Chestin credits UNEP with establishing rigorous environmental performance targets and for brokering agreements that brought activist organisations into direct talks with the government. Those talks helped pressure organisers to relocate the Olympic village and the bobsleigh route to less sensitive areas.

But local activists and international organisations such as WWF and Greenpeace have since walked out of the stakeholder process, saying earlier agreements were breached.

Chestin faults UNEP for being easily manipulated. The organisation willingly accepted falsified environmental assessment reports, he says, with the resulting environmental baseline making compensation and remediation virtually impossible.

“First of all, the Olympics are in 2014,” responds Achim Steiner, UNEP’s executive director, when presented with WWF’s criticism. “If our role becomes one of simply articulating things and nothing evolves as a result, then we will also reconsider our role. But at the moment I think the net balance is far more on the side of being promising – to the extent that the games will be more environmentally sustainable.”

Steiner says UNEP is pressuring the Russian government from behind the scenes, and in one sense the agency is going along with a well-worn script that sees NGO groups agitating for media attention and international pressure.

But it’s a limiting and ultimately self-defeating approach when disaffected civil society groups view the process as fundamentally flawed.

“Yes, you are an intergovernmental organisation, but the solution to environmental problems involves a lot more than that,” says Mark Halle, director of trade and investment at the International Institute for Sustainable Development.
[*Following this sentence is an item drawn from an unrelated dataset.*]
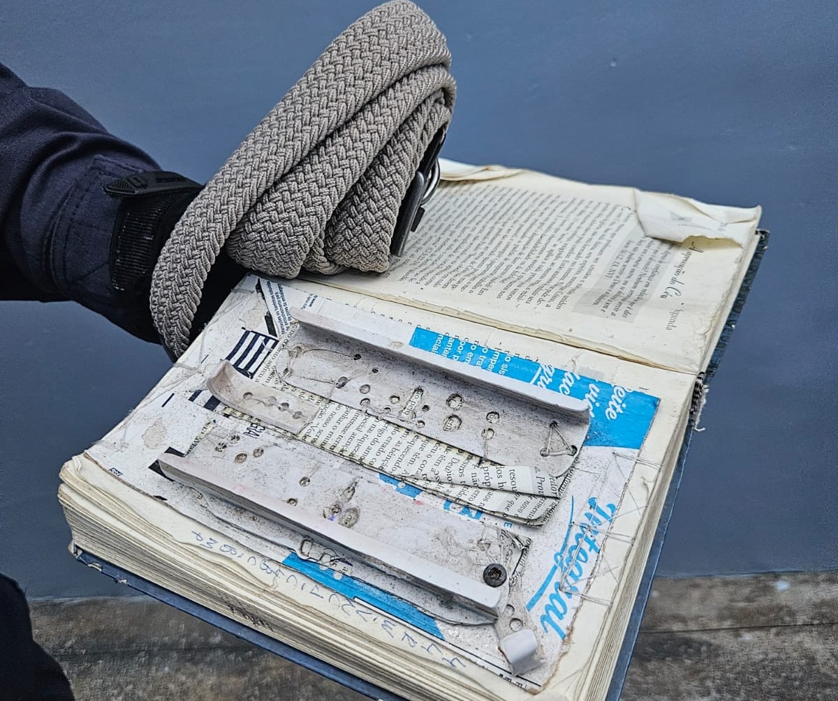 Também chamou atenção a quantidade de objetos inusitados encontrados de posse dos detentos, como cortadores de unha, alicates de unha, retrovisores, fone, agulha e linha para roupas, óleo de máquina, máquina de cortar cabelo e até uma bíblia adaptada para armazenar objetos.

Halle, a friend and former colleague of Steiner’s, helped devise UNEP’s new medium-term strategy report, a guidance document which, among other recommendations, calls for outreach to a broader range of non-governmental groups. “UNEP can take its disadvantage of being isolated and stuck out there in Nairobi … and turn it into an advantage by playing the game differently from other UN agencies,” Halle says.

But UNEP seemingly fumbled the opportunity in Sochi when in its fact-finding missions it sent a lone low-level employee who skirted NGO requests for more rigorous engagement.

“You know what a Potemkin village is?” asks Dr Piotr Gorbunenko of WWF Russia, referring to fake settlements erected to impress Catherine II in the 18th century. “It is exactly what goes on every time there is a UNEP mission.”